# Project WSL: Why So Long?

## __Table of Contents for :__
* [Section 1: Problem Introduction and Datasets](#part1)
* [Section 2: Data Pre-processing](#part2)
    * [Pre-processing Steps](#part21)
    * [Map Matching](#part22)
* [Section 3: Clean Data, now the analysis](#part3)
    * [Aspect 1 of delay: Non-optimal routing](#part31)
    * [Aspect 2 of delay: Speed bottlenecks](#part32)
* [Section 4: Proposed alleviations](#part4)
    * [Can we route better?](#part41)
    * [Can we remove the bottlenecks?](#part42)

***
<a id='part1'></a>
# Section 1: Problem Introduction and Datasets

In a fast-paced society, we are especially concerned when things do not go as efficiently as expected. Now, equipped with some data analytic tools, we want to progress from complaining each time our Grab ride or food order arrives late, to actually understanding the **why** and **how** can we do better.

<p> This notebook addresses 3 key sections, (i) data pre-processing, where we have read the paper to understand the dataset better and perform relevant data pre-processing steps, (ii) do some detective work and find out what could possibly lead to delays, (iii) some innovative ideations we have come up with to address the reasons found in Part (ii).
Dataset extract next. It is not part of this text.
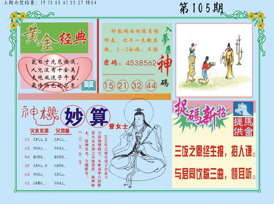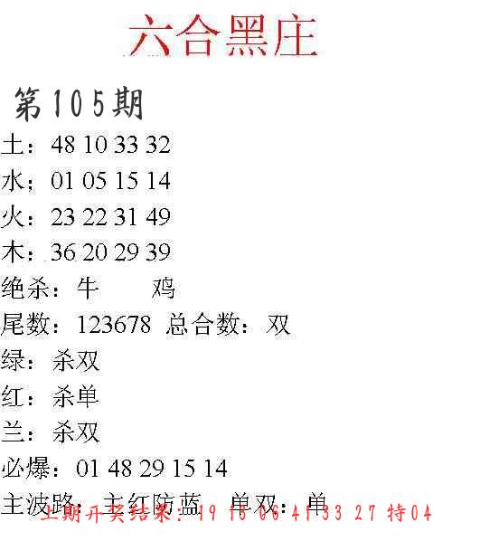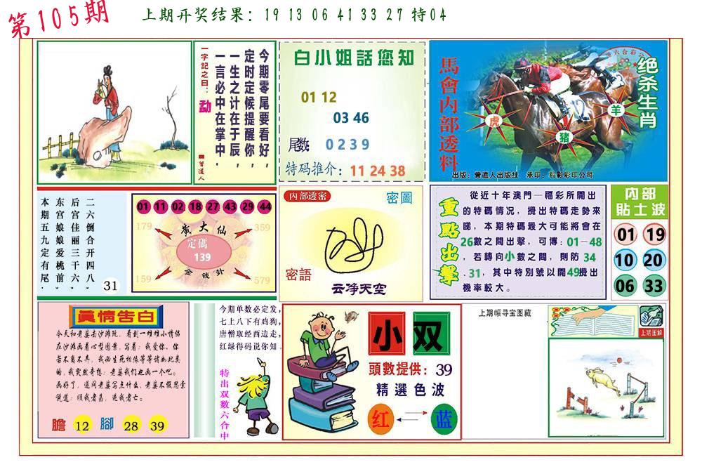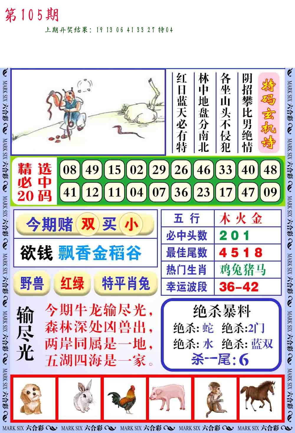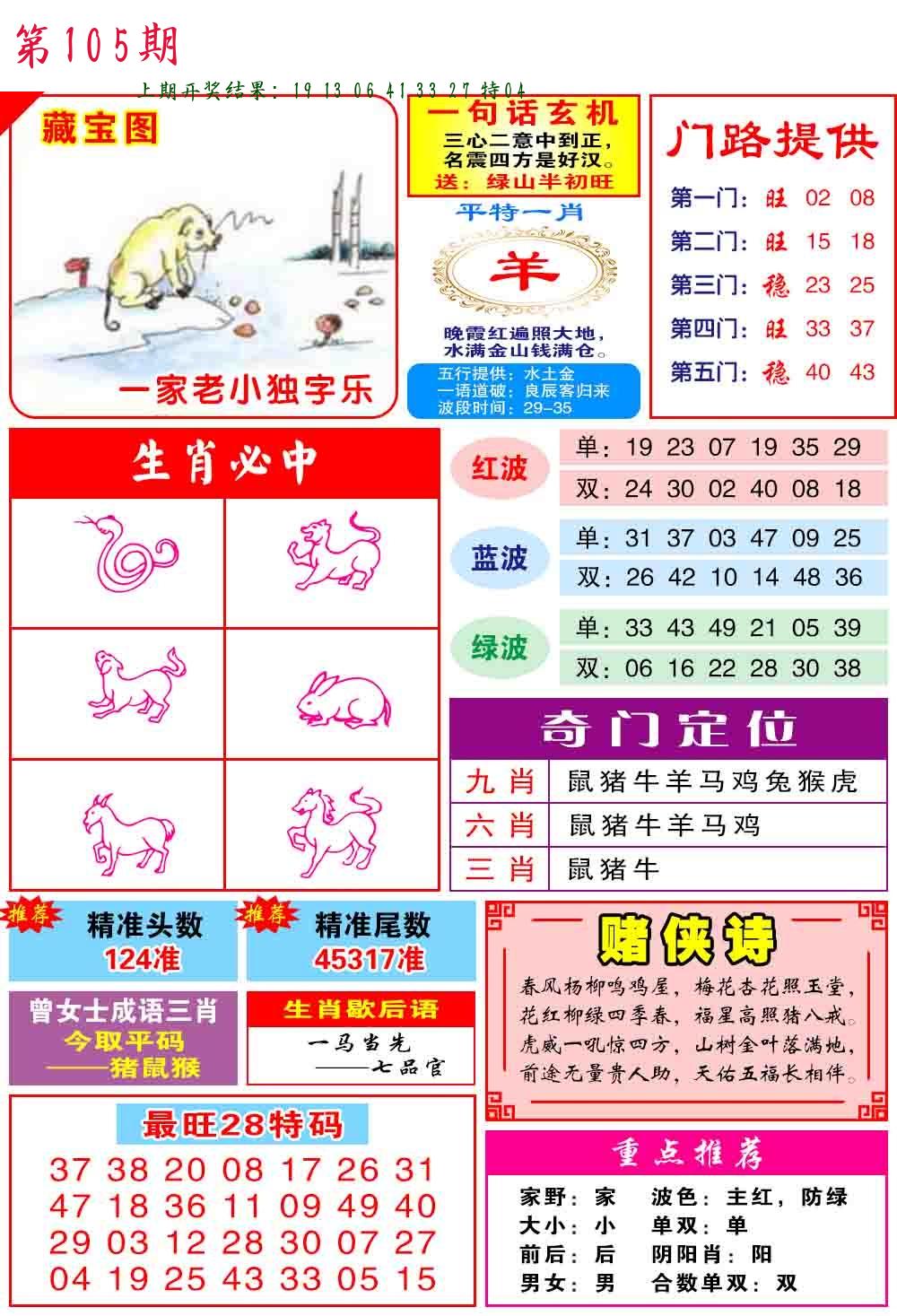 105期绝杀一波 【绿波】 开 38蛇错 |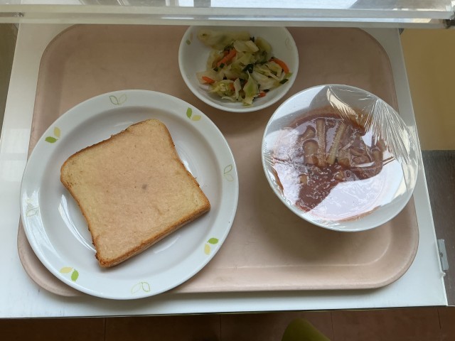 牛乳・タラモトースト・かぶ入りミネストローネ・茹で野菜の玉ねぎドレッシング

But first, some Python dependencies. </p>

### Python dependencies

In [1]:
from preprocess import *
import pandas as pd 
import geopandas as gpd
import osmnx
import folium
import matplotlib.pyplot as plt
import seaborn as sns
import json
import sys
from bs4 import BeautifulSoup
from tqdm import tqdm
from datetime import datetime, timedelta, timezone
import numpy as np

from ipyleaflet import (Map, GeoData, basemaps, WidgetControl, GeoJSON,
                        LayersControl, Icon, Marker,basemap_to_tiles, Choropleth,
                        MarkerCluster, Heatmap,SearchControl, 
                        FullScreenControl)
from ipywidgets import Text, HTML

### Relevant Datasets:
1. External Datasets we found useful

In [2]:
# We have secured 2 external datasets:

# sg_areas represent the towns/boundaries for Singapore, retrieved from data@gov
sg_areas = gpd.read_file('data/master-plan-2019-subzone-boundary-no-sea-geojson.geojson')
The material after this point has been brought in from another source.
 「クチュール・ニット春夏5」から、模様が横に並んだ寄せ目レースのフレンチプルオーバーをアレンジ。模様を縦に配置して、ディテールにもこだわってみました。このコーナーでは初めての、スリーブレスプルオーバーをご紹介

# jkt_areas represent some places of interest retrieved from One Jakarta, along with the help of some local expertise (Indo team-mate)
jkt_areas = gpd.read_file("data/jakarta_poi.geojson")
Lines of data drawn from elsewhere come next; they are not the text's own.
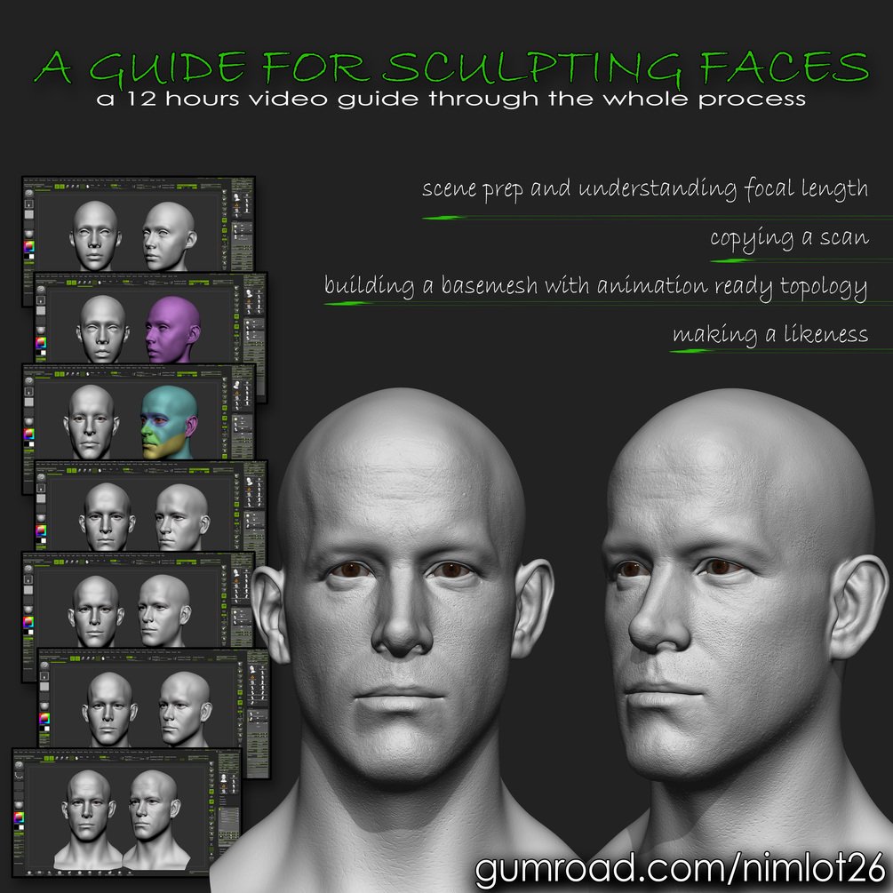 12h of explained videos about how to approach sculpting heads in Zbrush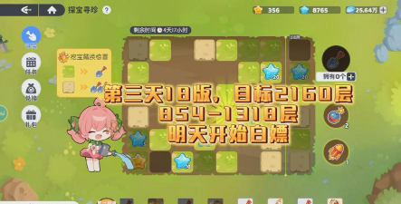 路线的规划也是很重要,有条件的话可以先用小号去探路,毕竟如果大家的地图相同跟着最优的路线走,就能节省很多的铲子。可以先朝着左前方前进,遇到石头阻碍,可以用道具炸开,不要浪费次数,道具可能会隐藏在宝箱里面,草地里的需要一铲子获取,宝箱里面的就可以直接拿。在奖励兑换方面,蓝色星星,还有金色星星就可以直接保留到下次活动,并不需要着急去兑换,蓝星商店可以按照需求去兑换。平民玩家就可以通过800层金史莱姆作为目标,每天坚持领取免费的铲子。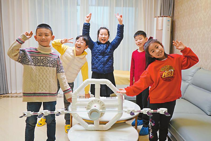 “电影《流浪地球》让孩子们印象深刻,老师还带领他们收看了‘天宫课程’,这让几个小朋友对空间站非常感兴趣。这个寒假,学校给三年级学生布置的假期作业是:用航天知识设计一个心目中的‘外太空之家’。他们立马成立了学习兴趣小组,想制作心目中的空间站。”王选雅的妈妈翟来娟介绍,孩子们结合“天宫号”和“领航员号”设计各自设想的飞行器,并通过环形结构模拟空间站微重力环境。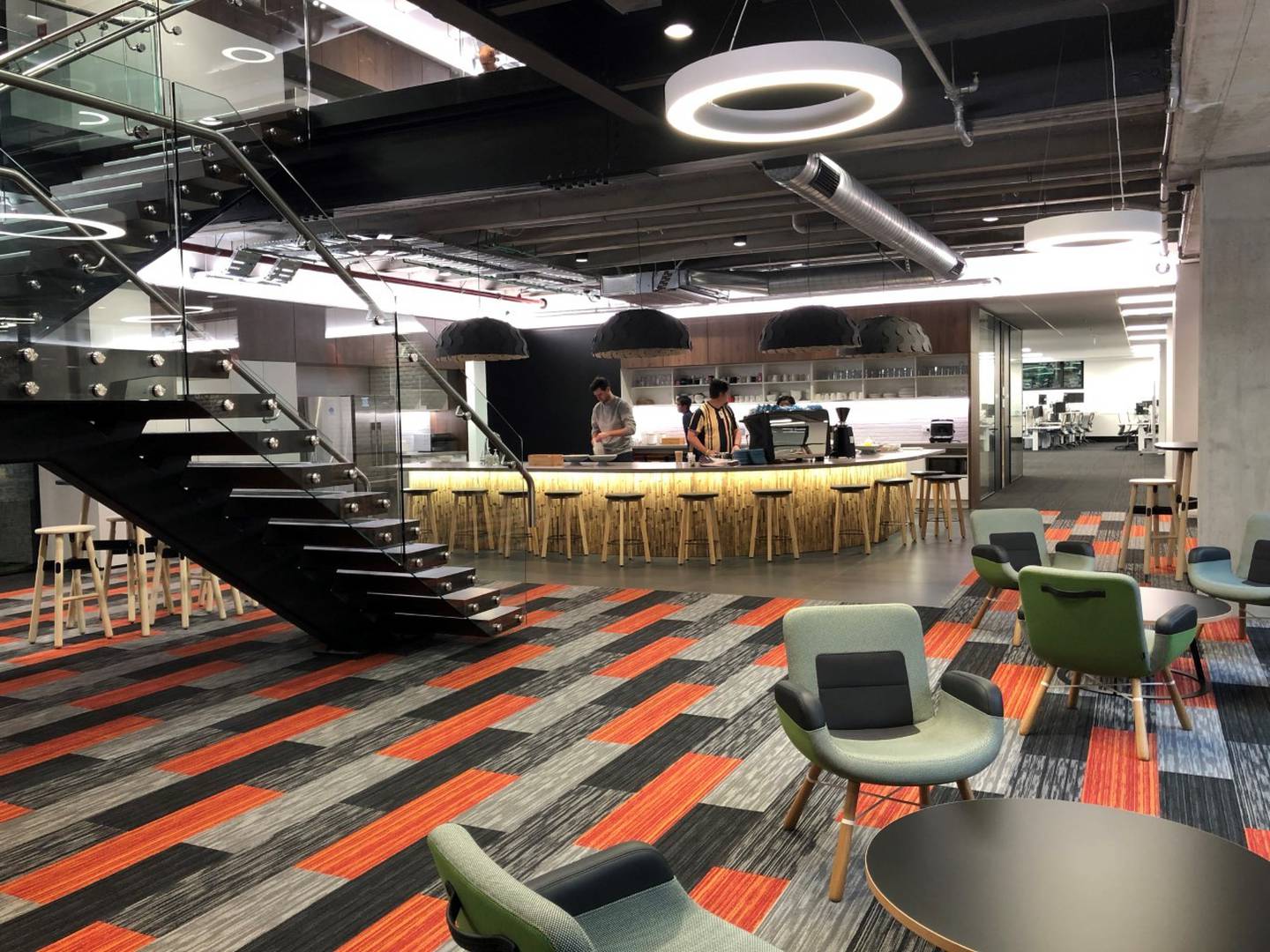 A wellness room, small gym with meditation/relaxation/massage area, X-Box and Playstation, table tennis, pool table and foosball are provided for staff who move around via activity-based work and have wrist-bands with chips allowing entry to lockers and onto their two floors.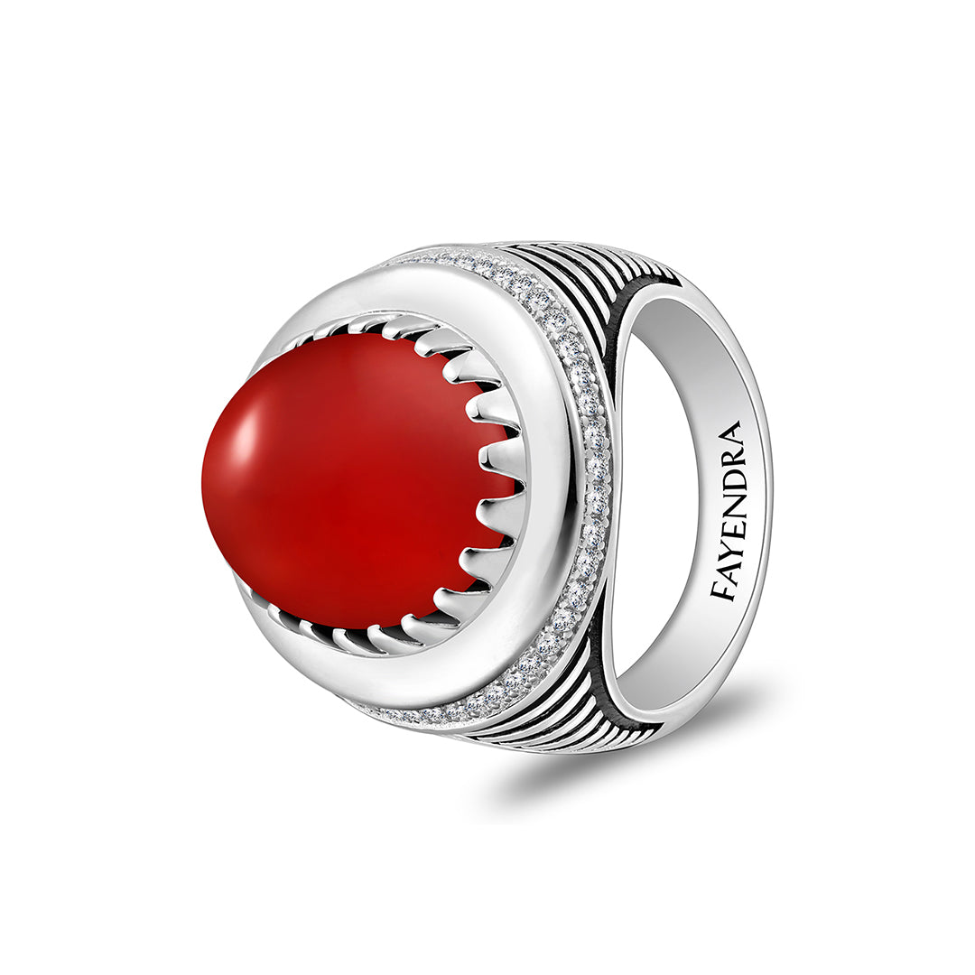 خاتم رجالي من الفضة الخالصة عيار 925 مطلي روديوم و اسود مرصع احجار عقيق احمر كابشون و فص ابيض

A glimpse of what `sg_areas` look like:

In [3]:
subzone_name = []
plan_name = []
region_name = []

for location in sg_areas['Description']:
    temp_soup = BeautifulSoup(location)
    temp_tr = temp_soup.find_all('tr')

    subzone_name.append(temp_tr[2].td.text.strip())
    plan_name.append(temp_tr[5].td.text.strip())
    region_name.append(temp_tr[7].td.text.strip())
    
sg_areas["subzone"] = subzone_name
sg_areas["plan_name"] = plan_name
sg_areas["region_name"] = region_name

In [4]:
sg_areas.head()

Unnamed: 0,Name,Description,geometry,subzone,plan_name,region_name
0,kml_1,<center><table><tr><th colspan='2' align='cent...,"POLYGON Z ((103.88025 1.28386 0.00000, 103.880...",MARINA EAST,MARINA EAST,CENTRAL REGION
1,kml_2,<center><table><tr><th colspan='2' align='cent...,"POLYGON Z ((103.83764 1.29560 0.00000, 103.837...",INSTITUTION HILL,RIVER VALLEY,CENTRAL REGION
2,kml_3,<center><table><tr><th colspan='2' align='cent...,"POLYGON Z ((103.83410 1.29248 0.00000, 103.834...",ROBERTSON QUAY,SINGAPORE RIVER,CENTRAL REGION
3,kml_4,<center><table><tr><th colspan='2' align='cent...,"MULTIPOLYGON Z (((103.71253 1.29163 0.00000, 1...",JURONG ISLAND AND BUKOM,WESTERN ISLANDS,WEST REGION
4,kml_5,<center><table><tr><th colspan='2' align='cent...,"POLYGON Z ((103.84718 1.29700 0.00000, 103.847...",FORT CANNING,MUSEUM,CENTRAL REGION


We also can examine our `jkt_areas` dataset:

In [5]:
jkt_areas.head()

Unnamed: 0,name,lat,lon,geometry
0,Mal Kelapa Gading,-6.17705,106.902802,"POLYGON ((106.90460 -6.17705, 106.90459 -6.177..."
1,Grand Indonesia,-6.195003,106.819786,"POLYGON ((106.82159 -6.19500, 106.82158 -6.195..."
2,Plaza Indonesia,-6.193793,106.822109,"POLYGON ((106.82391 -6.19379, 106.82390 -6.193..."
3,PIK Avenue,-6.108566,106.740648,"POLYGON ((106.74245 -6.10857, 106.74244 -6.108..."
4,Soetta Airport,-6.126573,106.654152,"POLYGON ((106.65595 -6.12657, 106.65594 -6.126..."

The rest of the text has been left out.